On vit une époque formidable. Figurez-vous que le régime assassin du Syrien Bachar Al-Assad est placé sous contrôle. Ne haussez pas les épaules : une mission de la Ligue arabe ne séjourne-t-elle pas dans ce pays où les tanks tirent à vue sur les manifestants ? A la tête des « enquêteurs », un militaire de haut rang, un homme de terrain : le général soudanais Mohammed Al-Dabi. En voilà un qui en matière de droits de l’homme en connaît un rayon.
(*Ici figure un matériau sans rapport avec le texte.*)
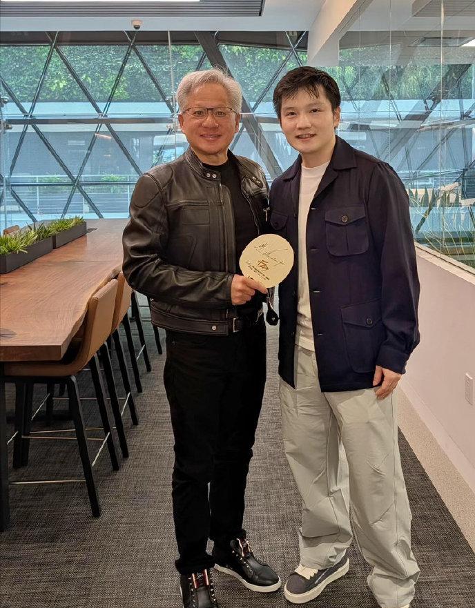 要说这趟行程最亮眼的,那必须是他跟英伟达创始人黄仁勋的见面,俩人还真就拿起球拍,现场切磋了一下。

Promu chef du renseignement militaire au Soudan après le coup d’Etat du président Omar Al-Bachir, Mohammed Al-Dabi peut faire prévaloir ses connaissances en matière de torture. C’est un orfèvre. Il peut aussi afficher sur sa carte de visite la chasse à l’ethnie Masalit et la mise sur pied d’une milice personnelle responsable de centaines de milliers de morts au Darfour. Les cadavres au milieu du désert, c’est lui. Les champs en feu, le bétail abattu, les hommes valides exécutés, les familles en fuite, c’est toujours lui. Des qualités essentielles pour « enquêter » en Syrie.

Et puis, il y a son patron, le sinistre Omar Al-Bachir. Lui, ses exploits dans le domaine de l’humain atteignent des sommets à tel point qu’il est recherché par la Cour pénale internationale (CPI) pour « génocide » et « crimes contre l’humanité » au Darfour. Omar a passé son week-end à Tripoli, le dernier endroit où il faut se montrer en évitant les balles des différentes factions. Il a été chaleureusement accueilli par Moustafa Abdeljalil, le chef du conseil national de transition libyen, agent de la CIA, installé au pouvoir par Sarkozy et Obama et qui préfère donner la priorité pétrolifère à ses protecteurs US plutôt qu’à ses amis parisiens. Aucune reconnaissance.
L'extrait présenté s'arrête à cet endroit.